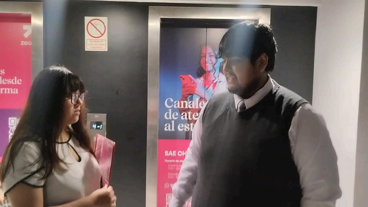 Escena1: Es una tarde tranquila, te encuentras en un elevador junto a una persona que parece un poco cansada. Justo antes de que las puertas se cierren, decides aprovechar el momento.
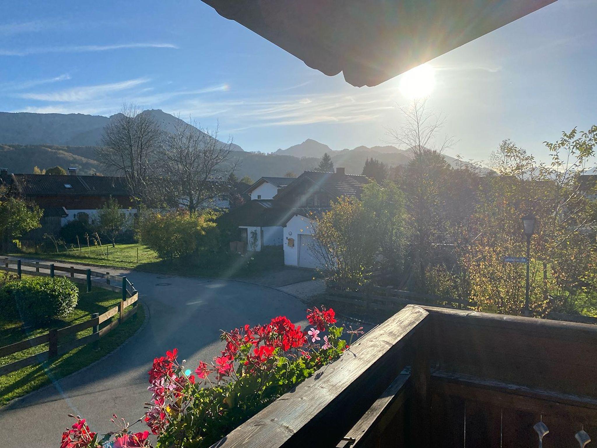 Die Wohnung (52 qm) liegt im 1. Stock des Anbaus und verfügt über Wohnzimmer, Schlafzimmer, separate Küche, Essplatz, Dusche/WC und zusätzliches WC. Vom großen Rundum-Balkon (Süd-West-Seite) hat man freien Blick auf unseren Hausberg, den Hochfelln. Die Westseite kann durch eine große Markise vor zu starker Sonne geschützt werden. PKW-Stellplatz ist vor dem Haus auf unserem Grundstück. WLAN inklusive. Grillplatz im Garten. Waschmaschine und Trockner gegen Gebühr. Brötchenservice auf Anfrage.Wohnzimmer: Sofagruppe 4 Pers., Schlafcouch 2 Pers., Sideboard, LCD-TV (SAT).Schlafzimmer: Doppelbett 180 x 200 cm mit geteilter Wendematratze mit 2 Härtegraden, 4-türiger Kleiderschrank, Bügeleisen, Ventilator, Babybett auf Anfrage, inklusive Bettwäsche.Küche: Einbauküche mit 4-Platten-Herd, Kombi-Mikrowelle, Kühlschrank mit Gefrierfach, Kaffeemaschine, Senseo, Toaster, Eierkocher, secke: Eingebaute Essecke für 4 Personen.Balkon: Rundum-Balkon mit Bergblick in Süd-West-Lage mit Sitzgruppe für 4 Personen und Sonnenmarkise.Dusche mit WC: inklusive Handtücher, FönZusätzliches WC
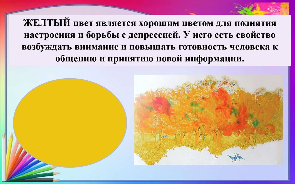 ЖЕЛТЫЙ цвет является хорошим цветом для поднятиянастроения и борьбы с депрессией. У него есть свойство

▬▬▬▬▬▬

**Instructions to follow:** Once more, please print all the lines above exactly, without their pictures.

**Expected answer:**
 Escena1: Es una tarde tranquila, te encuentras en un elevador junto a una persona que parece un poco cansada. Justo antes de que las puertas se cierren, decides aprovechar el momento.
 Die Wohnung (52 qm) liegt im 1. Stock des Anbaus und verfügt über Wohnzimmer, Schlafzimmer, separate Küche, Essplatz, Dusche/WC und zusätzliches WC. Vom großen Rundum-Balkon (Süd-West-Seite) hat man freien Blick auf unseren Hausberg, den Hochfelln. Die Westseite kann durch eine große Markise vor zu starker Sonne geschützt werden. PKW-Stellplatz ist vor dem Haus auf unserem Grundstück. WLAN inklusive. Grillplatz im Garten. Waschmaschine und Trockner gegen Gebühr. Brötchenservice auf Anfrage.Wohnzimmer: Sofagruppe 4 Pers., Schlafcouch 2 Pers., Sideboard, LCD-TV (SAT).Schlafzimmer: Doppelbett 180 x 200 cm mit geteilter Wendematratze mit 2 Härtegraden, 4-türiger Kleiderschrank, Bügeleisen, Ventilator, Babybett auf Anfrage, inklusive Bettwäsche.Küche: Einbauküche mit 4-Platten-Herd, Kombi-Mikrowelle, Kühlschrank mit Gefrierfach, Kaffeemaschine, Senseo, Toaster, Eierkocher, secke: Eingebaute Essecke für 4 Personen.Balkon: Rundum-Balkon mit Bergblick in Süd-West-Lage mit Sitzgruppe für 4 Personen und Sonnenmarkise.Dusche mit WC: inklusive Handtücher, FönZusätzliches WC
 ЖЕЛТЫЙ цвет является хорошим цветом для поднятиянастроения и борьбы с депрессией. У него есть свойство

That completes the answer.